• **Exercise requirements**
Exclude the images, then return every line below exactly as written.

• **Raw data**
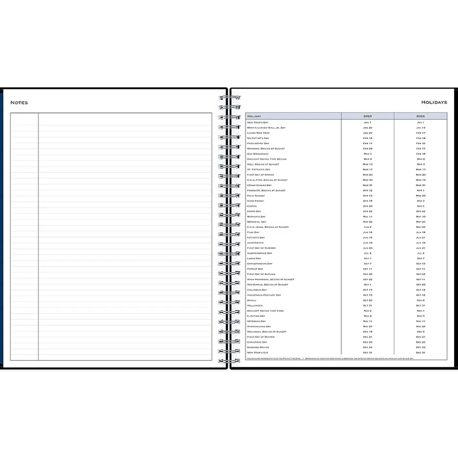 - Offers one month per two pages, with space for notes and quick reference calendars
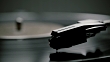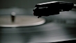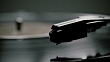 Vinyl record spinning on a turntable with the stylus or needle on the disc. Black and white with selected muted colour.
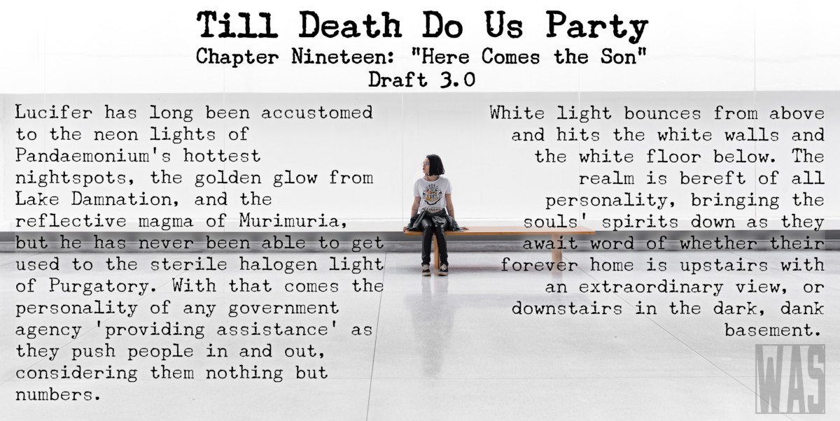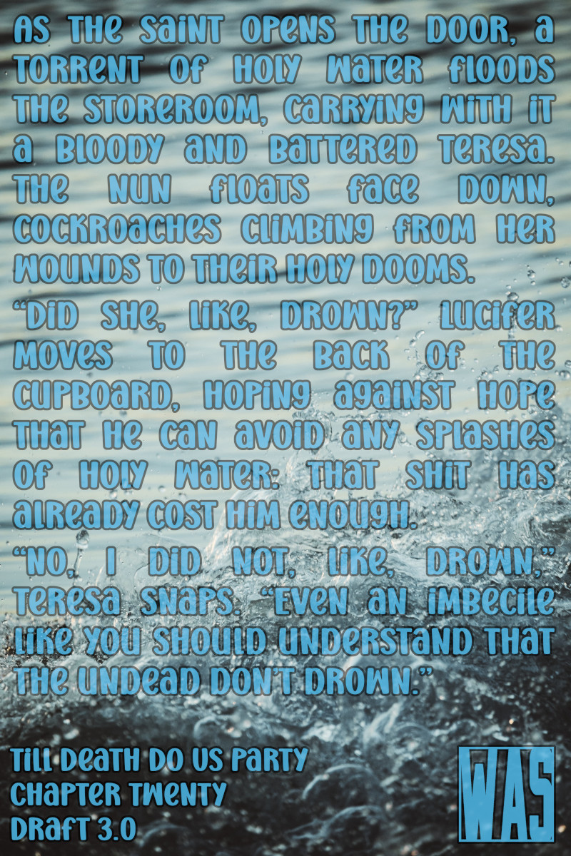 As always, please note that the snippets from Till Death Do Us Party are not representative of any final product; they are a work in progress, with all of these coming from draft three. These may or may not make it to the final product, and if they do, who knows how their final form will look. So just consider these as glimpses into the drafting process.

• **Answer for this exercise**
 - Offers one month per two pages, with space for notes and quick reference calendars
 Vinyl record spinning on a turntable with the stylus or needle on the disc. Black and white with selected muted colour.
 As always, please note that the snippets from Till Death Do Us Party are not representative of any final product; they are a work in progress, with all of these coming from draft three. These may or may not make it to the final product, and if they do, who knows how their final form will look. So just consider these as glimpses into the drafting process.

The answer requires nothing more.